With the adoption of artificial intelligence and machine learning tools skyrocketing in the wake of ChatGPT’s launch late last year, its potential to revolutionise private credit has been thrust into the spotlight. Right across the asset class, from deal origination and due diligence through to investor reporting, accounting and risk management, the scope for managers to leverage the efficiencies of AI to work smarter could fundamentally change the status quo.
In California, the TerraCotta Group has long been at the forefront of applying data analytics and quantitative techniques to commercial real estate lending. Founder Tingting Zhang says narrow AI is already proving a powerful addition to real estate credit investment processes by using robots to think like humans.
“If we were to make an investment in a shopping centre, for example, as a human expert we would be very interested in the location of a property,” says Zhang. “The human expert would go for a look around, see how many people were in the shops, how affluent the area looks and how busy the car park is.
“Now, using various machine learning algorithms, we can get that data instantly from government sources, cell phone information, public sources and our own proprietary platform.”
Speed is the big advantage, she says: “The ‘robots’ are very quick to compute. For a human to look at 60 data points would take days, but the machine can do it instantly, it can detect patterns, and it doesn’t make mistakes or take a more optimistic or pessimistic outlook depending on its mood.”
Once the AI has identified an investment as being in a good location, human judgment takes over to move forward in how TerraCotta thinks about the credit.
Outside investment processes, many private funds are looking to integrate AI into their back-office and middle-office processes to speed things up, deliver enhanced insights and save on resources.
“When we talk about AI in fund servicing, we are not yet at the stage of using a friendly robot that produces your NAV while drafting the minutes of your next board meeting and advising on your ESG strategy,” says Agnes Mazurek, global head of private markets innovation at Apex Group.
“It is unlikely we will be there for many years because adoption of AI tools is very gradual. What we have now is a lot of tools that digitise information and we are seeing a lot of initiatives across private credit to create the building blocks to get there.”
Keith Miller, global head of private debt at Apex, says this is reflected in the growing number of conversations about opportunities for AI around the review of underlying assets. “That credit review process has always been incredibly manual but the big win for the asset class is the ability to review the underlying assets from a portfolio and risk monitoring perspective and conduct predictive modelling across assets to deliver scenario analysis.”
Accelex is one company harnessing AI to bring more transparency to the asset class, with technology that gives firms timely access to performance and transaction data from funds in a clean and easy-to-analyse format. Their tool automates the extraction and preparation of data, giving managers quick access to thousands of data points that would previously have taken huge effort to obtain, and allowing them to significantly enhance the accuracy of their reports.

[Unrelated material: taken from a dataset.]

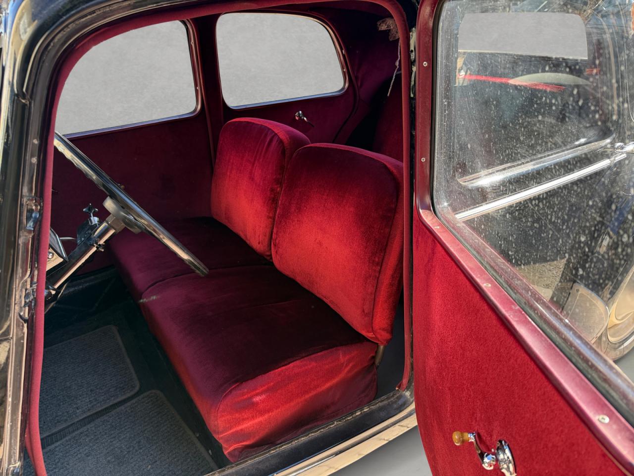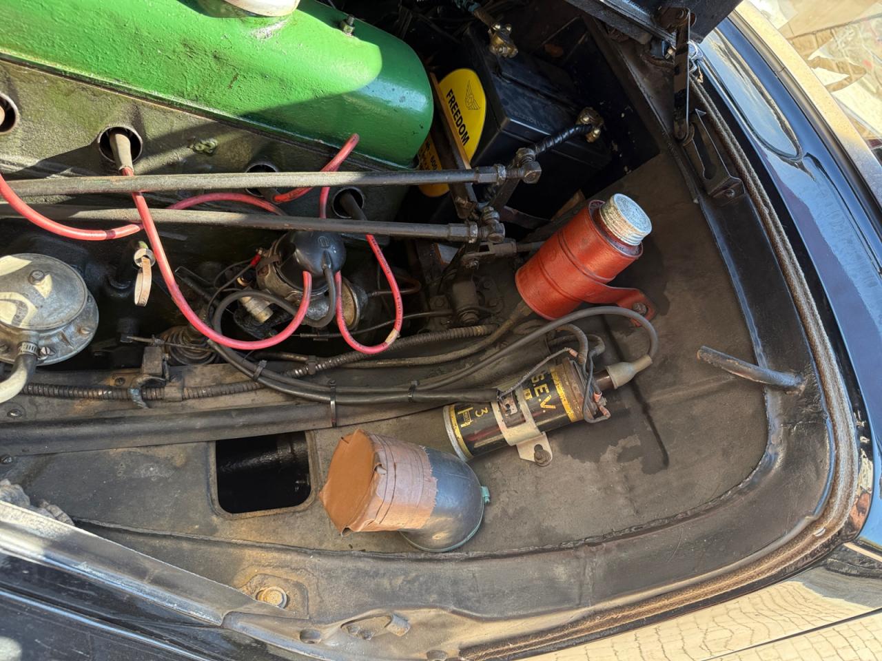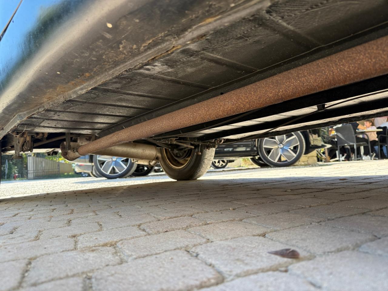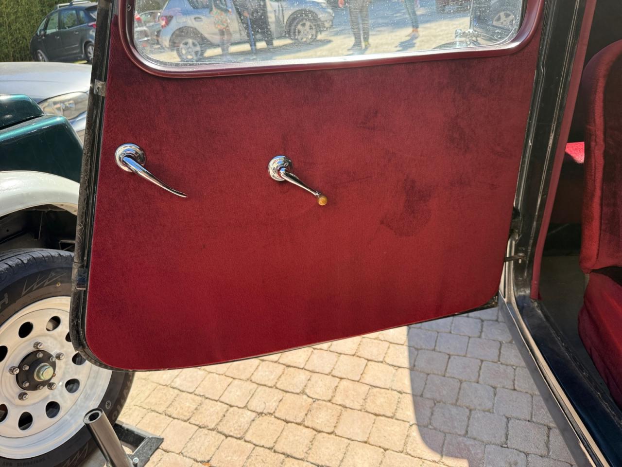 Les jambonneaux ont été traités contre la rouille et le châssis est sain; seuls quelques points de rouille superficiels sont présents sur les portières. La carrosserie nécessiterait un peu de soin pour retrouver son lustre d’antan.

Nicole Weder, co-founder and chief product officer at Accelex, says: “The additional complexity of private debt investments means reporting requires more granular data for investment monitoring and decisions. Debt teams need access to instruments rather than just asset-level information. In response, we have upgraded our data science capabilities to capture that detail.
“Investors want easier access to this data. They want to know what securities we are invested in, where we are in the capital structure, what the risk is, what kind of cashflows will be happening in the future. We also have an analytics suite, because if an investor is able to extract that data in real time, we can tell them what is happening in their portfolio, what the return drivers are, and then they can decide whether they want to make a commitment to the next vintage or the next fund from a particular GP.”
Right tool for the job
Other service providers and technology companies are developing their own tools to automate everything from the calculation of carried interest allocations to deal sourcing and ESG reporting.
Alter Domus has created its own version of ChatGPT and is already using bots across its business to help clients automate complex processes.
Davendra Patel, head of AI and automation at Alter Domus, says: “We have automation that can read emails, take out the attachments, automatically classify them, extract information and then summarise that in a report. We have been working hard on building this for the last four years and we are starting to see the fruits of that. It is a game changer, not only for us but also for our clients.”